_INSTRUCTIONS TO FOLLOW_
Output the lines from the one containing "К нашим ученикам" through the last line of the material below, exactly; please do not include pictures.

_SOURCE DATA_
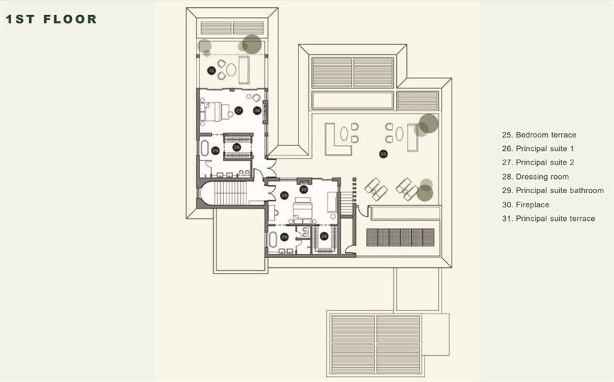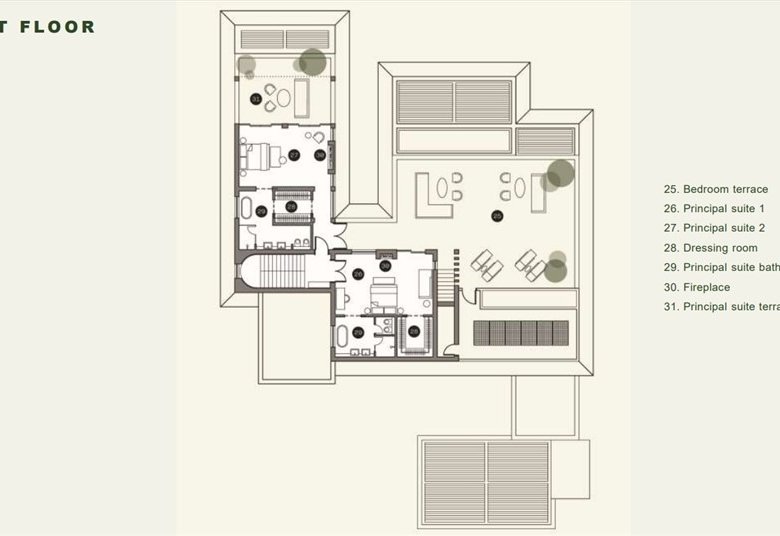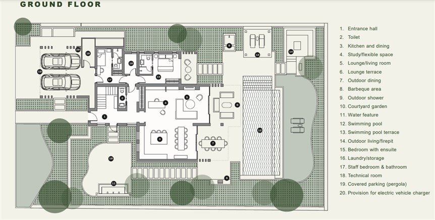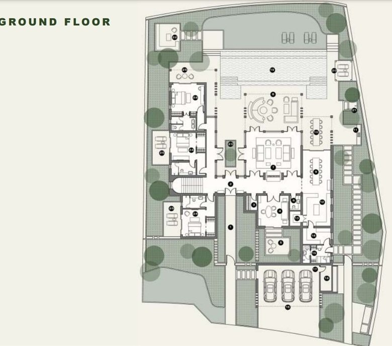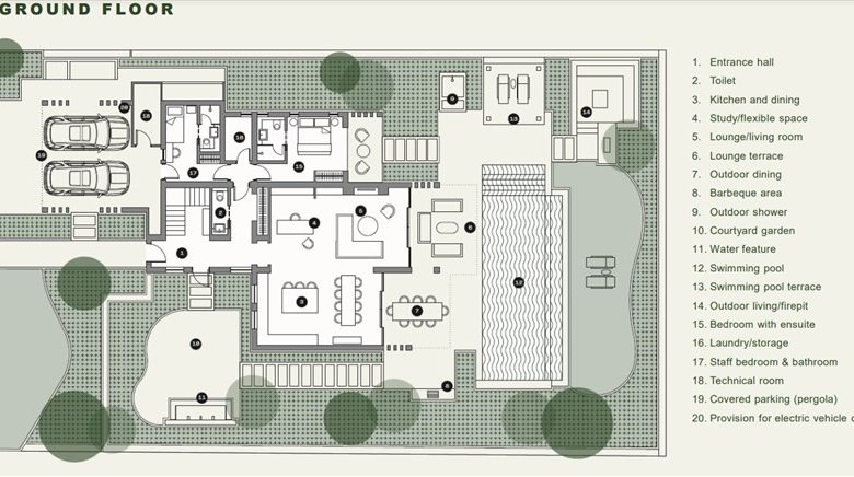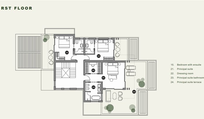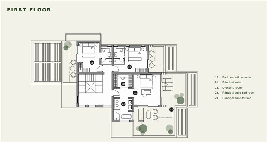 Villas will have two levels with at least one bedroom on the ground level area where the living spaces of the house are to be found with access to the backyard garden area which constitutes an extension of each house’s living space and where the swimming pool is situated. On the top (second floor) there are only bedrooms with terraces. All bedrooms are en suite. There are no roof gardens or basements.
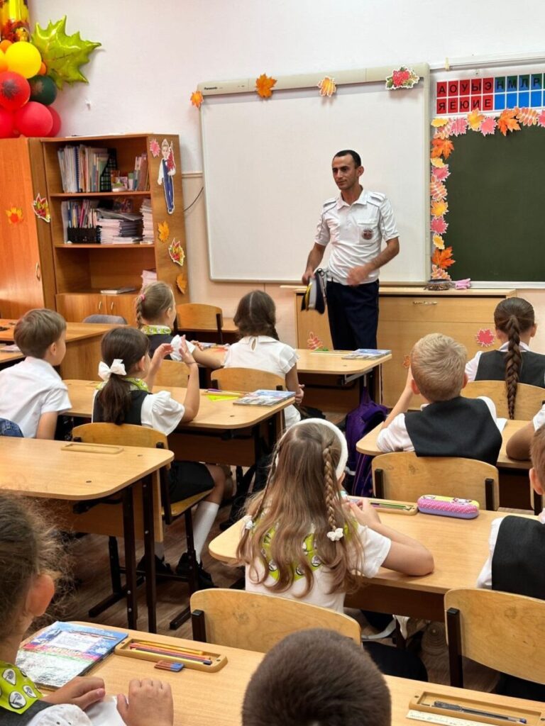 К нашим ученикам пришел инспектор ДПС Мкртчян Максим Нверович.
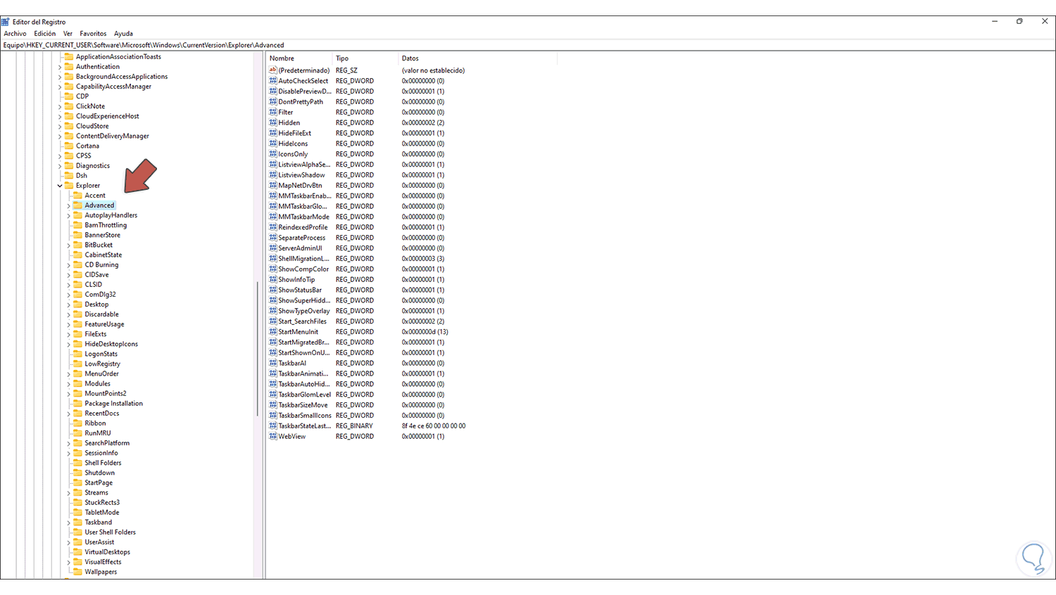 HKEY_CURRENT_USER\Software\Microsoft\Windows\CurrentVersion\Explorer\Advanced\

_PROBLEM SOLUTION_
 К нашим ученикам пришел инспектор ДПС Мкртчян Максим Нверович.
 HKEY_CURRENT_USER\Software\Microsoft\Windows\CurrentVersion\Explorer\Advanced\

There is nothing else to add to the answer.